▶ _Exercise aim_
Span requested from the data below: the line with "增加一個用戶給予訪問權限:grant all privileges" through the line with "Your new go-to", both included. Give only these lines again, exactly, and leave every picture out.

▶ _Listed records_
_ _ _ _

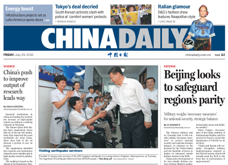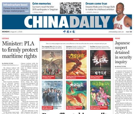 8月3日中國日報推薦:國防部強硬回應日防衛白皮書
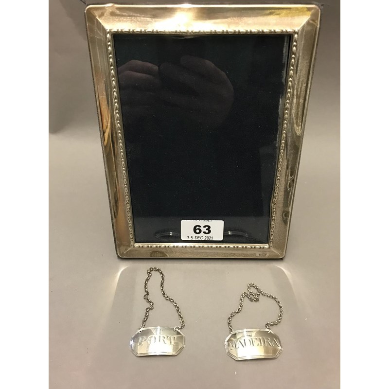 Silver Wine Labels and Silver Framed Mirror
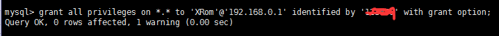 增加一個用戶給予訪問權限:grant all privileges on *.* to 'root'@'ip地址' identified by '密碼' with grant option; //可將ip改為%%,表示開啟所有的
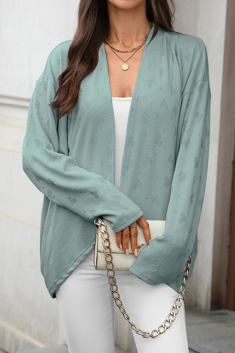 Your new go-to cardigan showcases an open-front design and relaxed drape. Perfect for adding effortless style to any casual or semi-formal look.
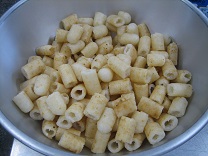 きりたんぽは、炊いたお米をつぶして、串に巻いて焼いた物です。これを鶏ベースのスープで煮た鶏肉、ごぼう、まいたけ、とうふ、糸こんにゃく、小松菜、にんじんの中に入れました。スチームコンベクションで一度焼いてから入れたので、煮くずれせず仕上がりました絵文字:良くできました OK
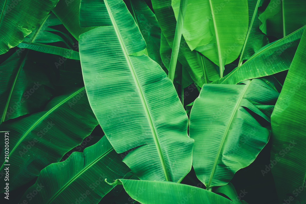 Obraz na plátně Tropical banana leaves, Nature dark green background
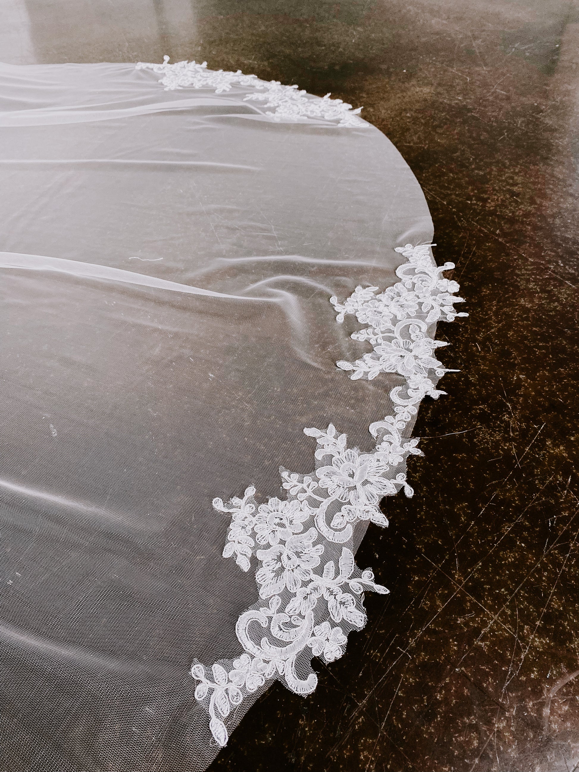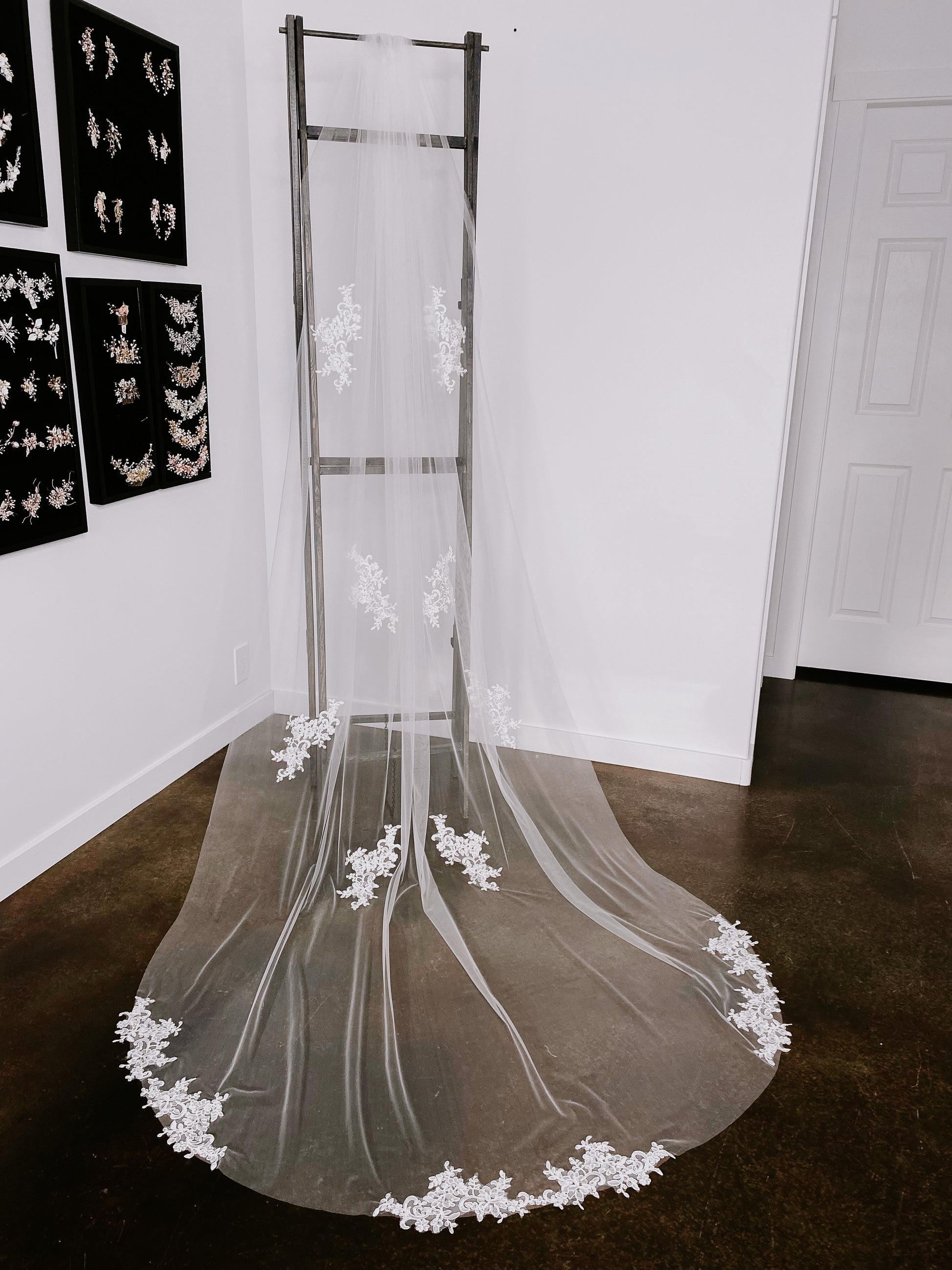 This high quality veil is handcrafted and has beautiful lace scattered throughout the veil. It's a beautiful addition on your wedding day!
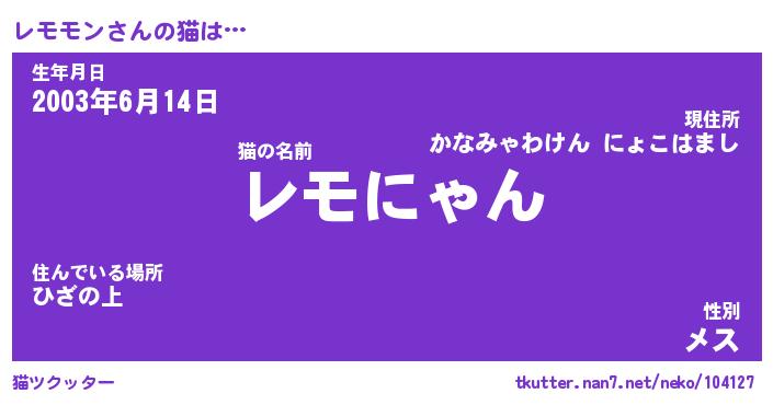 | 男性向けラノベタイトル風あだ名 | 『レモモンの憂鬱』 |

_ _ _ _

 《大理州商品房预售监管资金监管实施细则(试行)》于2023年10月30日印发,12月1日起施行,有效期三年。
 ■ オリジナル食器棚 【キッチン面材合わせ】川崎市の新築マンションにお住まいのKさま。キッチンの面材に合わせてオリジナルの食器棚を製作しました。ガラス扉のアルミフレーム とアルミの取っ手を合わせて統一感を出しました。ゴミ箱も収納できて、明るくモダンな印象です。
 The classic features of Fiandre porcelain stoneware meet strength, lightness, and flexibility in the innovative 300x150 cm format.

_ _ _ _

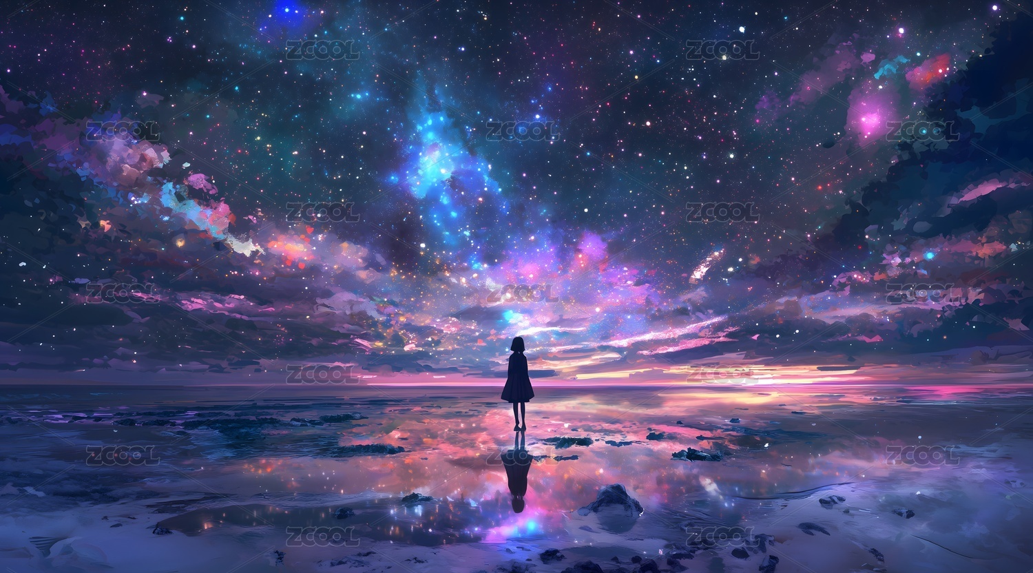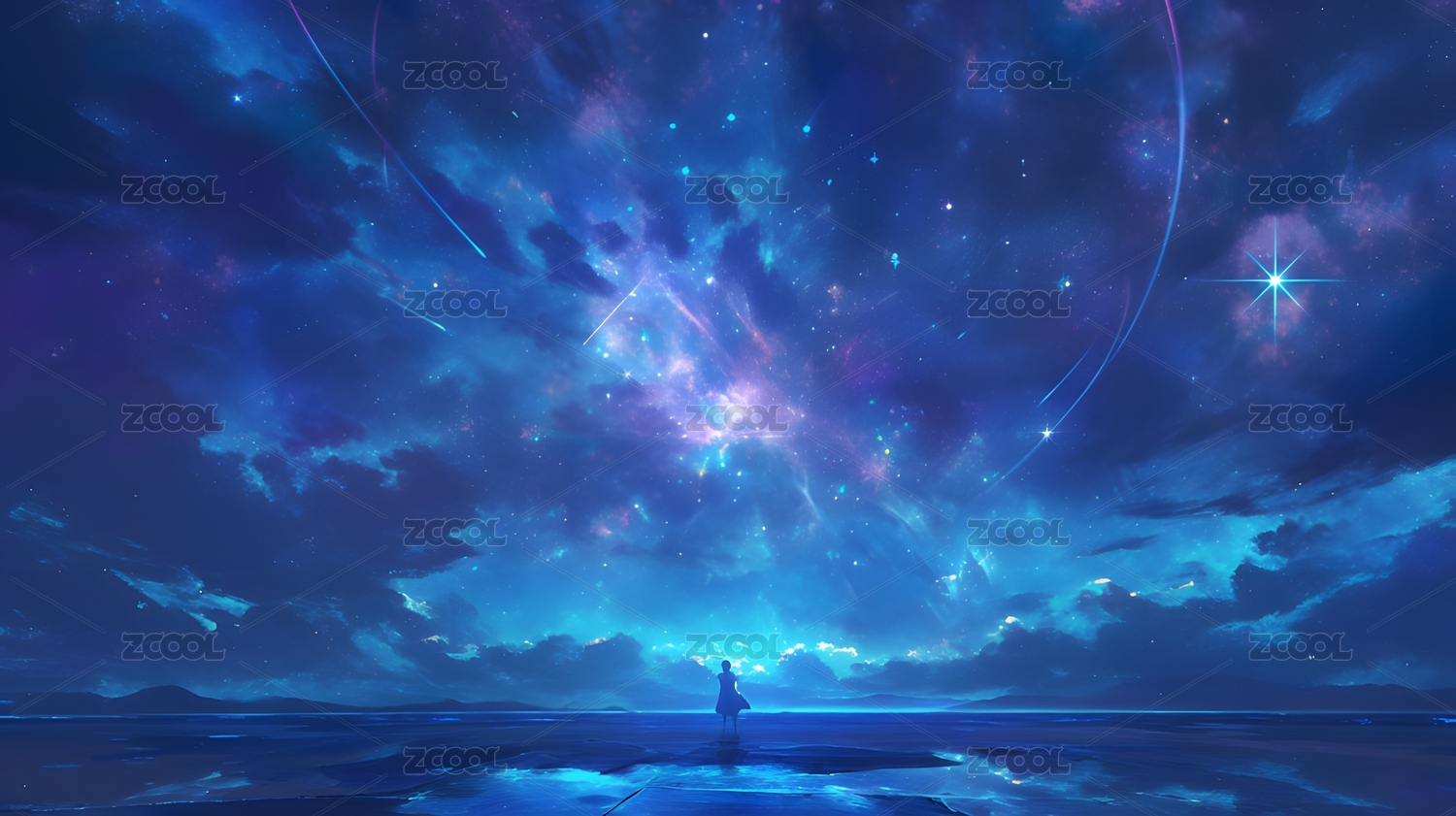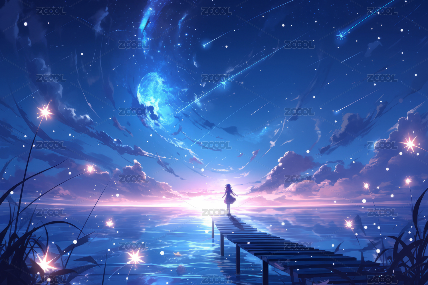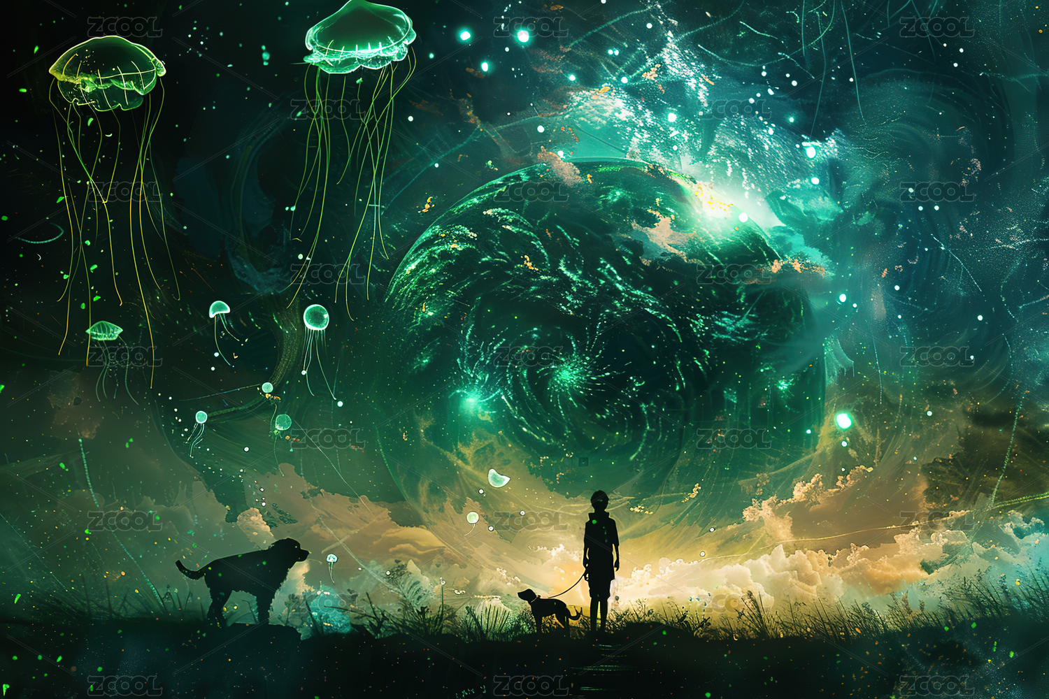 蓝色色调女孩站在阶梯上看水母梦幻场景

_ _ _ _

▶ _Written answer_
 增加一個用戶給予訪問權限:grant all privileges on *.* to 'root'@'ip地址' identified by '密碼' with grant option; //可將ip改為%%,表示開啟所有的
 Your new go-to cardigan showcases an open-front design and relaxed drape. Perfect for adding effortless style to any casual or semi-formal look.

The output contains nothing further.